* [WHAT YOU WILL DO]:
Print exactly the lines that run from the opening line of the material through the line with "12 февраля 2016", and nothing else, leaving out pictures.

* [TASK DATA]:
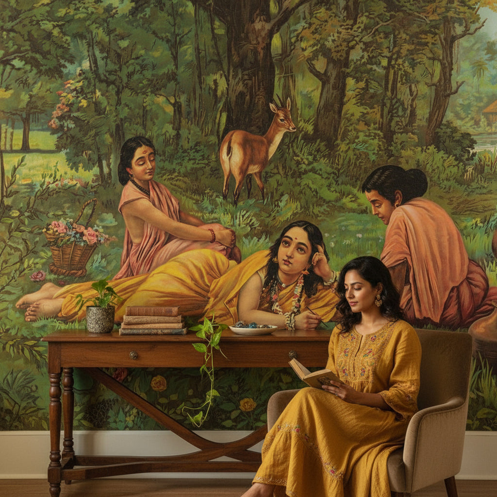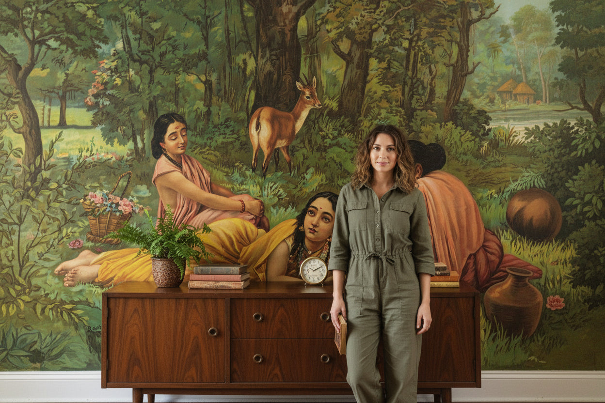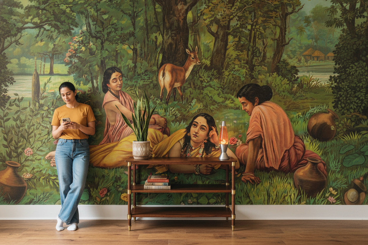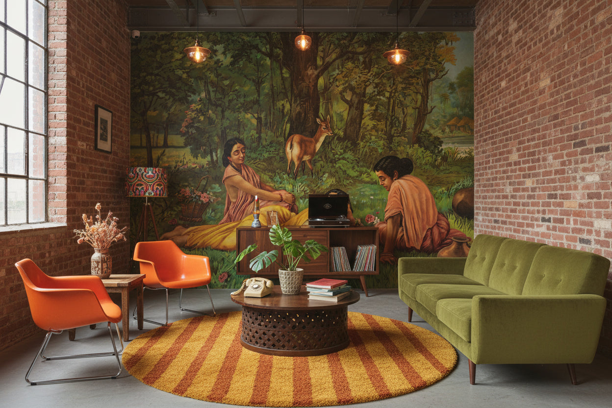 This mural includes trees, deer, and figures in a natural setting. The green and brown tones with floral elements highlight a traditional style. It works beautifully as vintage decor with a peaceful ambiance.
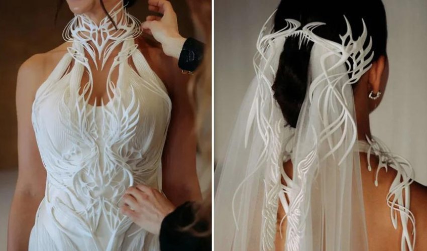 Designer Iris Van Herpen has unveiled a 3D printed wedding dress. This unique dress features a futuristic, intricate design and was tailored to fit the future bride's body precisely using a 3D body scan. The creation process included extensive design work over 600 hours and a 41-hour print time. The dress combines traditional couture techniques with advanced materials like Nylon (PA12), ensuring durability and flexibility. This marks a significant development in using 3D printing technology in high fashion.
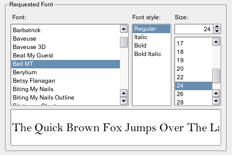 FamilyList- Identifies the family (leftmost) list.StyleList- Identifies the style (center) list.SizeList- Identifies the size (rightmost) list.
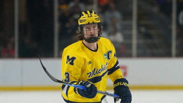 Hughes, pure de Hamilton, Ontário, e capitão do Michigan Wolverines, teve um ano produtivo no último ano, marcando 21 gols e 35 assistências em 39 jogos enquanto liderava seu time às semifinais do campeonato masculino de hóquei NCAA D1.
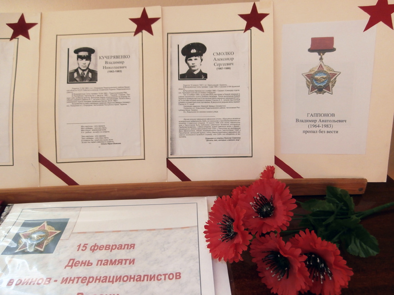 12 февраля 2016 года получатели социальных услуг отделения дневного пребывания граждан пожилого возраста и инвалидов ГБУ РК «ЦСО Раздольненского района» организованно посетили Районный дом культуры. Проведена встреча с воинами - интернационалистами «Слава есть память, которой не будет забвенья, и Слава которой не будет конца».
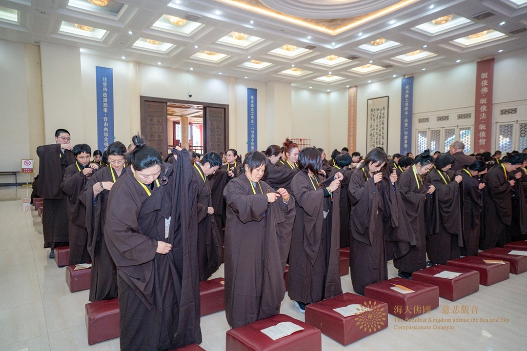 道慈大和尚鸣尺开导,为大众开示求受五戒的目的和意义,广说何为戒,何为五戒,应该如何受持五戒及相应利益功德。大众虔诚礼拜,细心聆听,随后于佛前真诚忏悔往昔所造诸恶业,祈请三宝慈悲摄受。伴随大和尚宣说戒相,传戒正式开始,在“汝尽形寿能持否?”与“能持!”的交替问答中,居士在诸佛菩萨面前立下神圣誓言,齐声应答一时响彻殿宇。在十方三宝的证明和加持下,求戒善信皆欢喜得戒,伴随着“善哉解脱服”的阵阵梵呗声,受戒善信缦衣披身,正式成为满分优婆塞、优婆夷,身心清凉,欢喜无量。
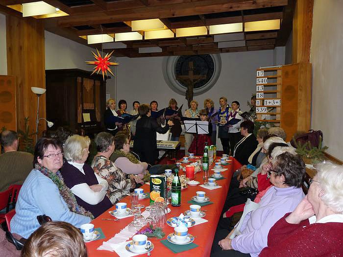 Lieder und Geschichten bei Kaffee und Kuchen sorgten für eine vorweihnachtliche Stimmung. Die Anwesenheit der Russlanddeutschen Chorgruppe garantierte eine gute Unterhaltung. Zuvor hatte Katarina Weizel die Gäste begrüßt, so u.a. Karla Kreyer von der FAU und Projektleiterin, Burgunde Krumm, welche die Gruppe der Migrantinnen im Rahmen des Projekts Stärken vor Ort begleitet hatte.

* [TASK OUTPUT]:
 This mural includes trees, deer, and figures in a natural setting. The green and brown tones with floral elements highlight a traditional style. It works beautifully as vintage decor with a peaceful ambiance.
 Designer Iris Van Herpen has unveiled a 3D printed wedding dress. This unique dress features a futuristic, intricate design and was tailored to fit the future bride's body precisely using a 3D body scan. The creation process included extensive design work over 600 hours and a 41-hour print time. The dress combines traditional couture techniques with advanced materials like Nylon (PA12), ensuring durability and flexibility. This marks a significant development in using 3D printing technology in high fashion.
 FamilyList- Identifies the family (leftmost) list.StyleList- Identifies the style (center) list.SizeList- Identifies the size (rightmost) list.
 Hughes, pure de Hamilton, Ontário, e capitão do Michigan Wolverines, teve um ano produtivo no último ano, marcando 21 gols e 35 assistências em 39 jogos enquanto liderava seu time às semifinais do campeonato masculino de hóquei NCAA D1.
 12 февраля 2016 года получатели социальных услуг отделения дневного пребывания граждан пожилого возраста и инвалидов ГБУ РК «ЦСО Раздольненского района» организованно посетили Районный дом культуры. Проведена встреча с воинами - интернационалистами «Слава есть память, которой не будет забвенья, и Слава которой не будет конца».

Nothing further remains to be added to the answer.